Erfindungsreiche Natur
Von kugelig bis elliptisch, winzig klein bis fast schon mit freiem Auge sichtbar, unterschiedlich viele charakteristisch geformte Keimöffnungen, die für die Befruchtung notwendig sind - in der unendlichen Vielfältigkeit der Pollenkörner zeigt sich der "Erfindungsreichtum" der Natur.

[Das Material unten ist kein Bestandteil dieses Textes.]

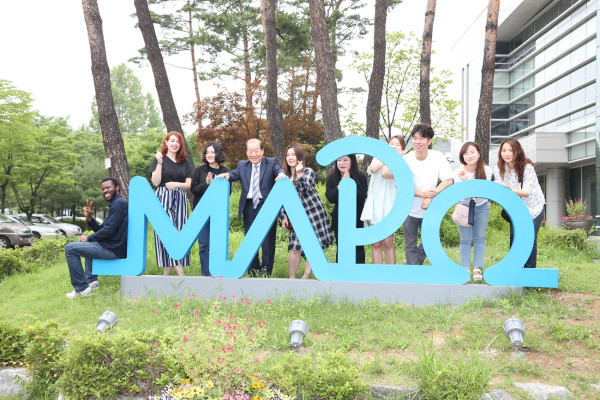 지난 1일 오전 박홍섭 마포구청장(왼쪽에서 네번째)이 구청 광장 브랜드 조형물 앞에서 2017 마포관광 글로벌 서포터즈와 함께 기념촬영을 하고 있다. 이날 마포관광 글로벌 서포터즈는 구 관광명소를 둘러보는 마포투어를 실시했다.(사진제공=마포구청)
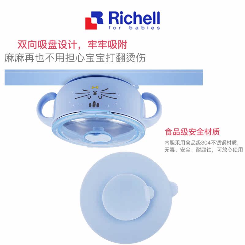 Brand Clearing Japan Richell Lichel Stainless Steel Water Injection Bowl Baby Handle Children's Tableware
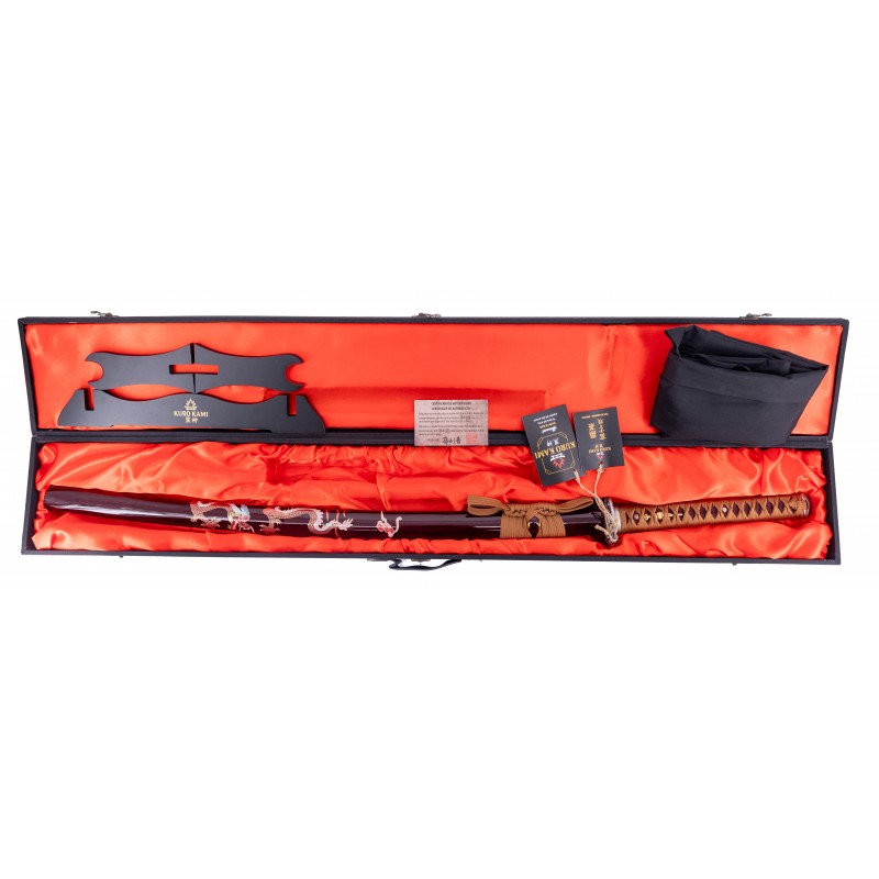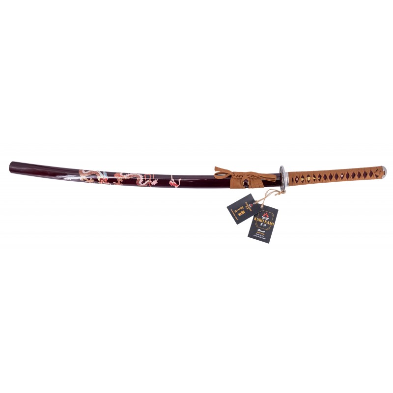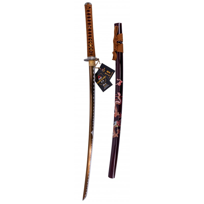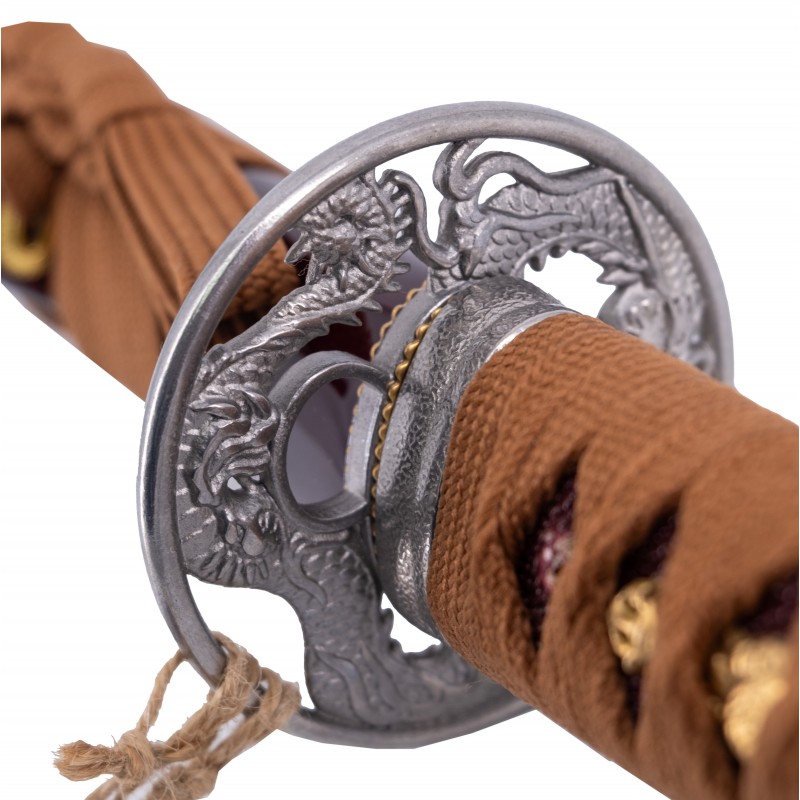 La vaina está hecha de madera lacada en un elegante marrón oscuro, decorada con intrincados detalles que resplandecen. El mango está envuelto en un trenzado marrón complementado con auténtica piel de serpiente, asegurando un agarre firme y seguro. La tsuba y otras partes metálicas son de acero inoxidable, añadiendo durabilidad y resistencia.
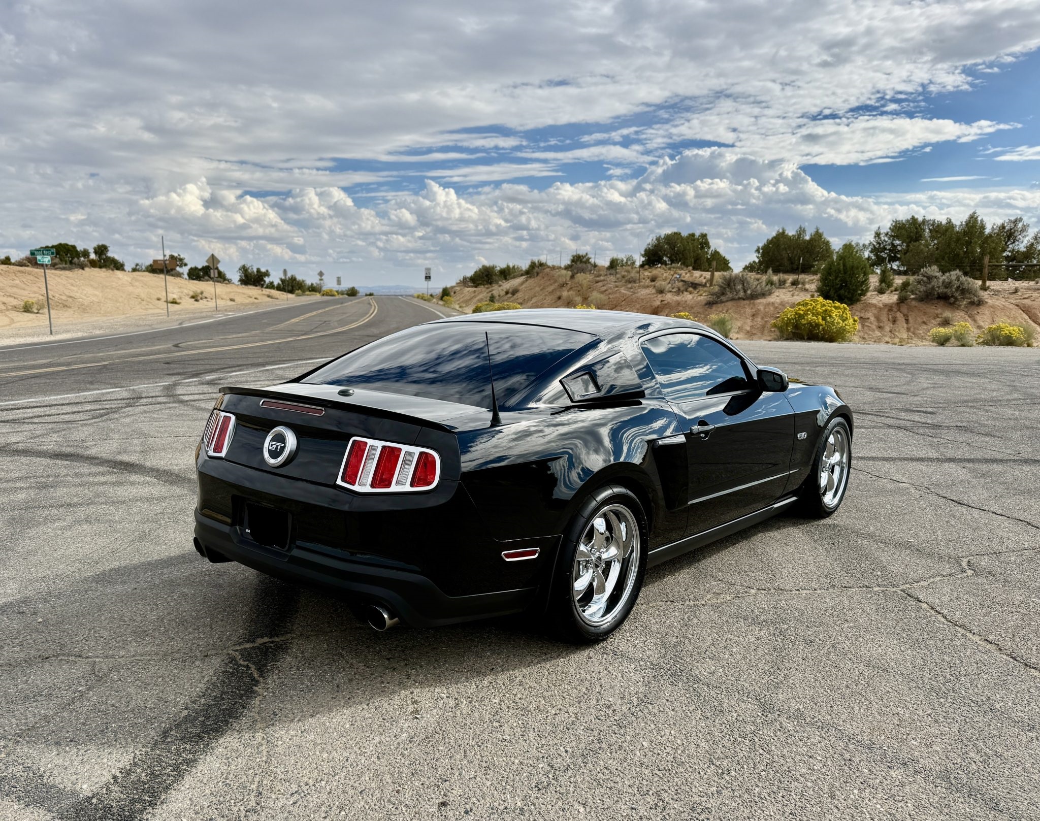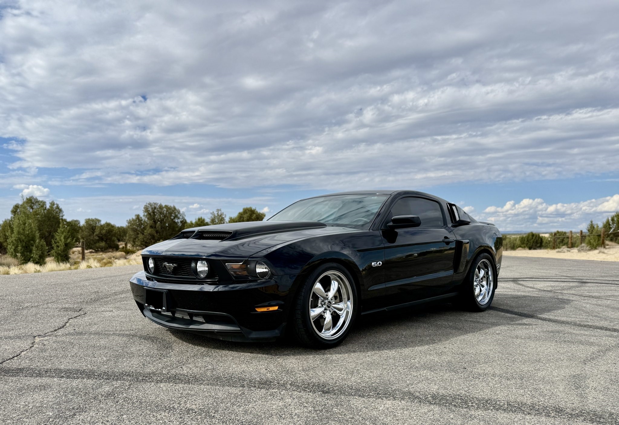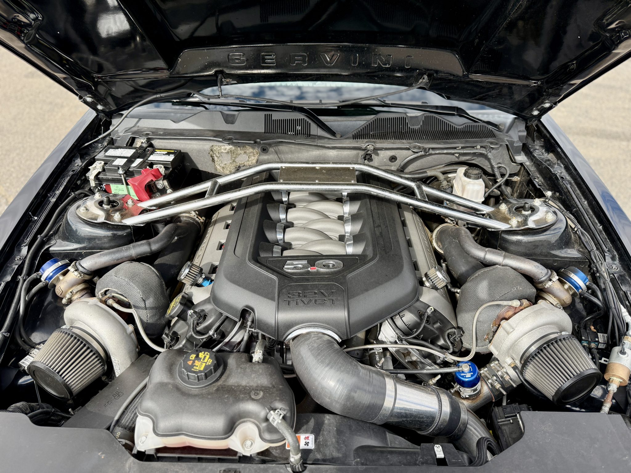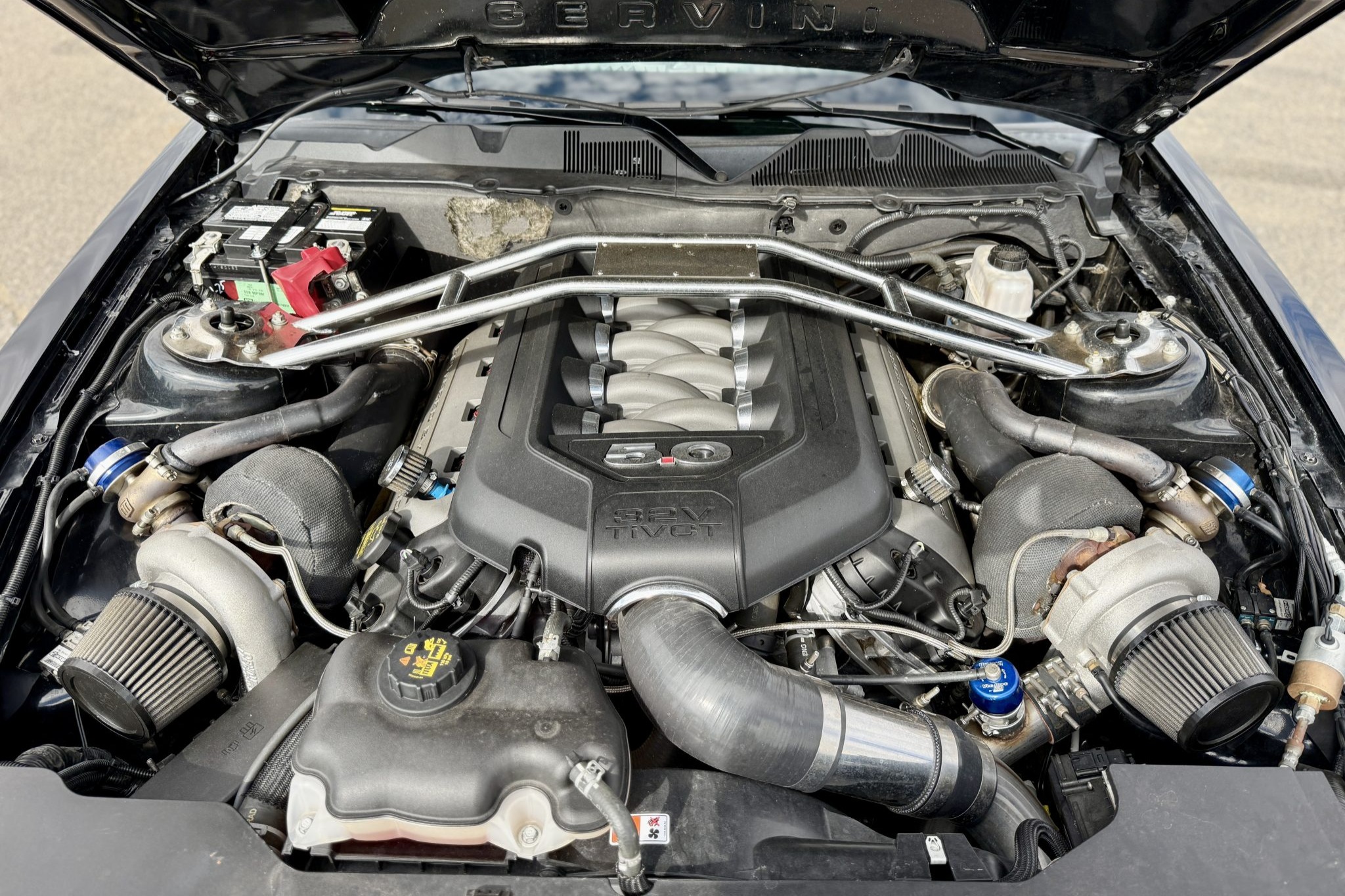 This 2012 Ford Mustang Premium GT coupe has 16k miles  and was modified with the installation of twin 62mm Hellion turbochargers, dual 44mm Turbosmart wastegates, Injector Dynamics 1,050cc fuel injectors, and a custom exhaust system. Power comes from a 5.0-liter Coyote V8 linked to a Tremec T56 Magnum XL six-speed manual transmission, a DynoTech driveshaft, and a limited-slip differential, and the car is finished in black over black upholstery. It rides on 19″ American Muscle wheels and is further equipped with Strange Engineering front struts, Viking rear shocks, a BMR Suspension K-member and control arms, a Cervini’s hood, air conditioning, heated front seats, and a Shaker 500 audio system.
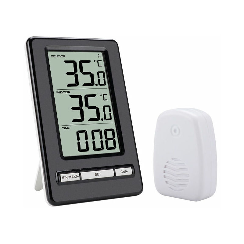 Visualizzazione simultanea della temperatura interna ed esterna con risoluzione base di 1°C. 【Temperatura interna】 Intervallo 0-60 ℃, precisione ±1 ℃, risoluzione 0,1 ℃. 【Temperatura esterna】 Intervallo -40-60 ℃, precisione ± 1 ℃, risoluzione 0,1 ℃ [Cambia unità - Seleziona le unità di temperatura Celsius o Fahrenheit nella guida del pulsante SET. Richiede 4 batterie AAA per l'alimentazione (non incluse) Dimensioni del prodotto: unità principale 12*7,5*1,5 cm, unità secondaria 6,5*5*2 cm Dotata di sensore wireless, può essere appesa o fisso / trasmissione wireless / distanza di trasmissione all'aperto 100 m Raccomandazione: si consiglia di montare il sensore in un'area ombreggiata su una parete esposta a nord. La luce solare diretta e le fonti di calore radiante causeranno letture della temperatura imprecise. Il sensore non è impermeabile ed è consigliabile installarlo in un luogo ben protetto. Utilizzare viti o chiodi (non inclusi) per fissare il sensore alla parete. Vendiamo solo il
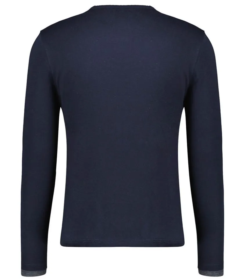 Tee-Shirt Homme Col Rond Manches Longues Coton Marine. Véritable Incontournable Du Dressing Homme. Se Porte Facilement À Toutes Les Saisons, Seul Ou Accompagné D’Un Pull.
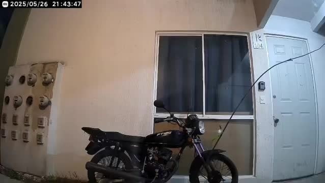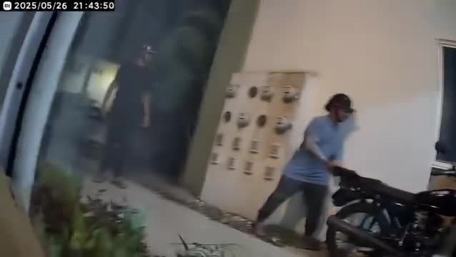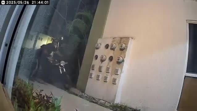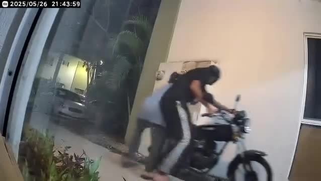 Se puede observar a uno de los ladrones que verifica si la motocicleta tenía seguro o no y después llega su compañero y entre los dos sacan la moto del pasillo de la residencial sin arrancarla.
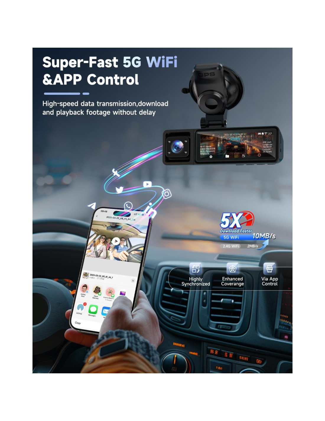 - [Cámara de Salpicadero Inalámbrica con GPS y WIFI 5.8G] La cámara de salpicadero K800 3-Canal es compatible con la APP OVAMAN y GPS, lo que te permite acceder instantáneamente a películas y grabar rutas en tu teléfono. Con WiFi 5G, puedes disfrutar de una transferencia de datos inalámbrica más rápida y compartir videos de manera conveniente mientras estás en movimiento. Reproduce simultáneamente videos de la cámara de salpicadero de 3 vías, monitorea sin esfuerzo métricas de video y obtén datos GPS en tiempo real como evidencia en accidentes. Además, puedes ver registros GPS en la aplicación o reproducirlos en tu PC.

Besonders facettenreich ist die Gestaltung der Pollenkornoberfläche, die Ornamentierung. Glatt oder mit Stacheln, Zacken, Leisten, halbkugelförmige Erhebungen versehen - unter dem Mikroskop tut sich ein faszinierender Mikrokosmos auf.

Seit Jahren waren im Institut für Botanik unzählige mikroskopische Aufnahmen diverser Pollen gesammelt worden. Um Zuordnung und Übersicht zu erleichtern, aber auch, um den internationalen Wissens- und Erfahrungsaustausch zu verbessern, wurden diese Bilder nun in eine kontinuierlich wachsende Datenbank übernommen.
->   Die Pollen-Datenbank
Anwendungen für Imker
Praktischen Nutzen im Alltag kann die Pollendatenbank auch haben: nämlich für Imker und alle, die an der Sortenreinheit eines Blütenhonigs interessiert sind. Dazu braucht man nur einen entzuckerten Tropfen Honig unter dem Lichtmikroskop zu betrachten.

Die erkennbaren Pollenkörner können dann mit den Bildern in der Datenbank verglichen werden. Unter den vielen dort abgebildeten natürlichen Mikrokunstwerken werden sich auch jene finden, die die Bienen in den Stock geflogen haben.
Sicherung der Fortpflanzung
Wozu - evolutionsbiologisch betrachtet - die Natur einen solchen Aufwand treibt? Auch hier mag es nicht zuletzt um den Fortpflanzungserfolg gehen. Eine wichtige Rolle kommt der Pollenoberfläche bei der Bestäubung zu. Pollenkörner, die mit dem Wind treiben, sind eher rund und glatt. Von Tieren transportierte haben raue, stachelige, zackige Oberflächen und bleiben so eher an Insekten, Vögeln oder Säugern haften.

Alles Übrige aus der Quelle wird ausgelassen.